§ **What to produce**:
Go through the entries below from the first line and transcribe each one exactly, ending with the line that contains "DPO can monitor".

§ **Information provided**:
⟨
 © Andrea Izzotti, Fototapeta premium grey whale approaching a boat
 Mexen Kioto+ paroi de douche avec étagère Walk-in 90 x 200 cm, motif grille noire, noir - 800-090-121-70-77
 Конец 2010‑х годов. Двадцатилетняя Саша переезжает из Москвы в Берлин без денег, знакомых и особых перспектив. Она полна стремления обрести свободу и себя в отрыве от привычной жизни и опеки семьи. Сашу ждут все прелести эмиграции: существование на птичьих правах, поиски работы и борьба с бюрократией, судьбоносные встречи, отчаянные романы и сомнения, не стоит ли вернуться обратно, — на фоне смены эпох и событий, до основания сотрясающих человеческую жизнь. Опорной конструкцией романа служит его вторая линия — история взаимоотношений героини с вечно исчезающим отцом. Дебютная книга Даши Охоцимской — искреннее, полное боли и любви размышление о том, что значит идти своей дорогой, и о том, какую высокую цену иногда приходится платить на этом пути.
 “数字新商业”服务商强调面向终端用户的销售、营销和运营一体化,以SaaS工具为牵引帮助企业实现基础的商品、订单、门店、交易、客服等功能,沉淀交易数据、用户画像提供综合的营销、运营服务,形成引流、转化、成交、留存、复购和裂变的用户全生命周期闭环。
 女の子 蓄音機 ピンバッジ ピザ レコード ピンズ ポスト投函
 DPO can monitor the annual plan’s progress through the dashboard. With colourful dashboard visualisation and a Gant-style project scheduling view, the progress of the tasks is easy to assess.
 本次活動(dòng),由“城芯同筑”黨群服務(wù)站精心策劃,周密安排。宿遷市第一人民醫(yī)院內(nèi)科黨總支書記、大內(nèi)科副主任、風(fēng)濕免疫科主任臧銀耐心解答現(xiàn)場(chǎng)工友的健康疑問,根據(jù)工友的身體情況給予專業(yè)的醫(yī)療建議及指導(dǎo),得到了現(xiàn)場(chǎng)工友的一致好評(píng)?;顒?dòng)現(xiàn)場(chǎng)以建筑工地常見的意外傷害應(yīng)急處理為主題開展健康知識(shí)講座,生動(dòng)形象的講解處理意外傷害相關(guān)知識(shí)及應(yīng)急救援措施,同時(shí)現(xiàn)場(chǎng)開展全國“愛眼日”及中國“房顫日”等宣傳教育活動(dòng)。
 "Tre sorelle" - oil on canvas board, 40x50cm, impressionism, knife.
⟩
§ **Answer section**:
 © Andrea Izzotti, Fototapeta premium grey whale approaching a boat
 Mexen Kioto+ paroi de douche avec étagère Walk-in 90 x 200 cm, motif grille noire, noir - 800-090-121-70-77
 Конец 2010‑х годов. Двадцатилетняя Саша переезжает из Москвы в Берлин без денег, знакомых и особых перспектив. Она полна стремления обрести свободу и себя в отрыве от привычной жизни и опеки семьи. Сашу ждут все прелести эмиграции: существование на птичьих правах, поиски работы и борьба с бюрократией, судьбоносные встречи, отчаянные романы и сомнения, не стоит ли вернуться обратно, — на фоне смены эпох и событий, до основания сотрясающих человеческую жизнь. Опорной конструкцией романа служит его вторая линия — история взаимоотношений героини с вечно исчезающим отцом. Дебютная книга Даши Охоцимской — искреннее, полное боли и любви размышление о том, что значит идти своей дорогой, и о том, какую высокую цену иногда приходится платить на этом пути.
 “数字新商业”服务商强调面向终端用户的销售、营销和运营一体化,以SaaS工具为牵引帮助企业实现基础的商品、订单、门店、交易、客服等功能,沉淀交易数据、用户画像提供综合的营销、运营服务,形成引流、转化、成交、留存、复购和裂变的用户全生命周期闭环。
 女の子 蓄音機 ピンバッジ ピザ レコード ピンズ ポスト投函
 DPO can monitor the annual plan’s progress through the dashboard. With colourful dashboard visualisation and a Gant-style project scheduling view, the progress of the tasks is easy to assess.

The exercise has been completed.